Dr Hinchcliff on the Benefits of Chemoimmunotherapy in Endometrial Cancer

“The key takeaways from any talk…about recent updates in endometrial cancer have to be the rapid expansion of treatment options, as well as the major effect that immunotherapy has had on our treatment regimens.”

Emily M. Hinchcliff, MD, MPH, assistant professor, Feinberg School of Medicine, Northwestern Medicine, discusses how the addition of immunotherapy to chemotherapy has affected the endometrial cancer treatment paradigm.

Recent advancements in endometrial cancer are indicative of the rapid growth of the treatment arsenal, particularly with the incorporation of immunotherapy into standard approaches, Hinchcliff begins. Since 2023, several randomized, controlled clinical trials, such as the phase 3 RUBY (NCT03981796) and KEYNOTE-868/NRG-GY018 (NCT03914612) studies, have shown the benefits of adding immunotherapy to chemotherapy and established that strategy as the standard of care for patients with endometrial cancer, she emphasizes.

On June 17, 2024, the FDA approved pembrolizumab (Keytruda) in combination with carboplatin and paclitaxel, followed by pembrolizumab monotherapy, for the treatment of adult patients with primary advanced or recurrent endometrial carcinoma. In the pivotal KEYNOTE-868/NRG-GY018 trial, among patients with mismatch repair–deficient (dMMR) disease, the median progression-free survival (PFS) was not reached (NR; 95% CI, 30.7-NR) with pembrolizumab plus chemotherapy (n = 112); conversely, the median PFS was 6.5 months (95% CI, 6.4-8.7) with placebo plus chemotherapy (n = 113; HR, 0.30 [95% CI, 0.19-0.48]; P < .0001). Among patients with MMR-proficient disease, the median PFS was 11.1 months (95% CI, 8.7-13.5) in the pembrolizumab arm (n = 239) and 8.5 months (95% CI, 7.2-8.8) in the placebo arm (n = 295; HR, 0.60 [95% CI, 0.46-0.78]; P < .0001).

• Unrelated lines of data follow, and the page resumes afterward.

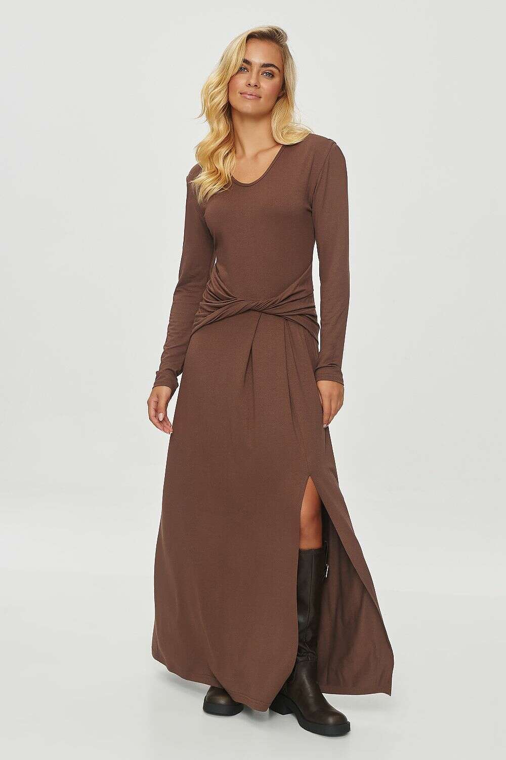 A long and elegant dress made of pleasant to the touch viscose is a great foundation for creating interesting stylizations. The model has a fitted top that accentuates the waist and bust, while small pads are placed on the shoulders, which fantastically shape the upper part of the model. The neckline in the shape of a gentle V subtly emphasizes the neck and perfectly highlights femininity. The waist is accentuated by an original fold that creates an interesting draping effect. This element adds elegance to the dress and makes the silhouette visually slim and additionally masks imperfections around the belly. The draping smoothly transitions down the dress, creating folds that add lightness and dynamism to it. Such a solution creates an impressive stylization and definitely attracts attention. The model has a subtle slit in the front that reveals the legs while walking, adding delicacy and sex appeal to the creation. The dress is perfect for both elegant evening outings and more casual occasions, if paired with less formal accessories such as sporty footwear. Its simplicity and interesting details make it a universal and stylish choice.
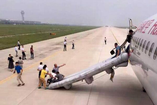 脱出スライドを使って避難する航空事故は世界各地で起きている。写真は2015年、火災警報のため乗客を脱出させた中国・海南航空の事故(写真:AP/アフロ)
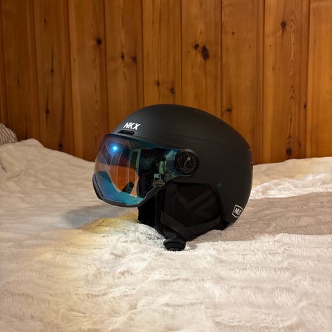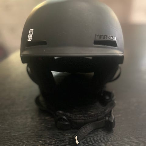 Salomon hjelm str 58 pluss Salomon briller. Det er et lite stekk midt på brillen, men det er ikke i synsfeltet så har ingen praktisk betydning.
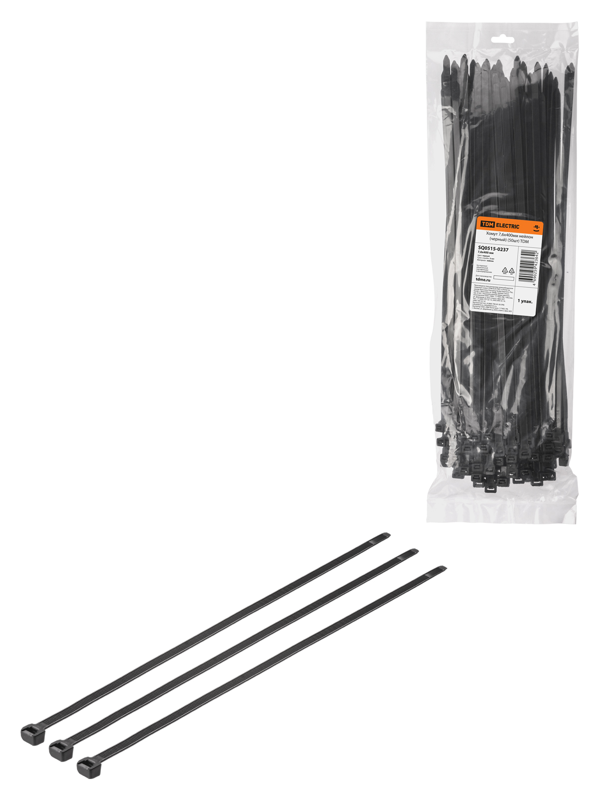 Наименование: Хомут 7,6х400мм нейлон (черный) (50шт) TDM

On August 1, 2024, the FDA approved dostarlimab-gxly (Jemperli) plus carboplatin and paclitaxel, followed by dostarlimab monotherapy, for the treatment of adult patients with primary advanced or recurrent endometrial cancer. This regulatory decision expanded upon the July 2023 approval of the regimen for the treatment of adult patients with primary advanced or recurrent dMMR or microsatellite instability–high endometrial cancer. The expanded approval was supported by findings from part 1 of RUBY, in which patients in the overall population who received dostarlimab in combination with chemotherapy (n = 245) achieved a median overall survival of 44.6 months (95% CI, 32.6-NR) vs 28.2 months (95% CI, 22.1-35.6) with placebo plus chemotherapy (n = 249; HR, 0.69 [95% CI, 0.54-0.89]; 1-sided P = .002).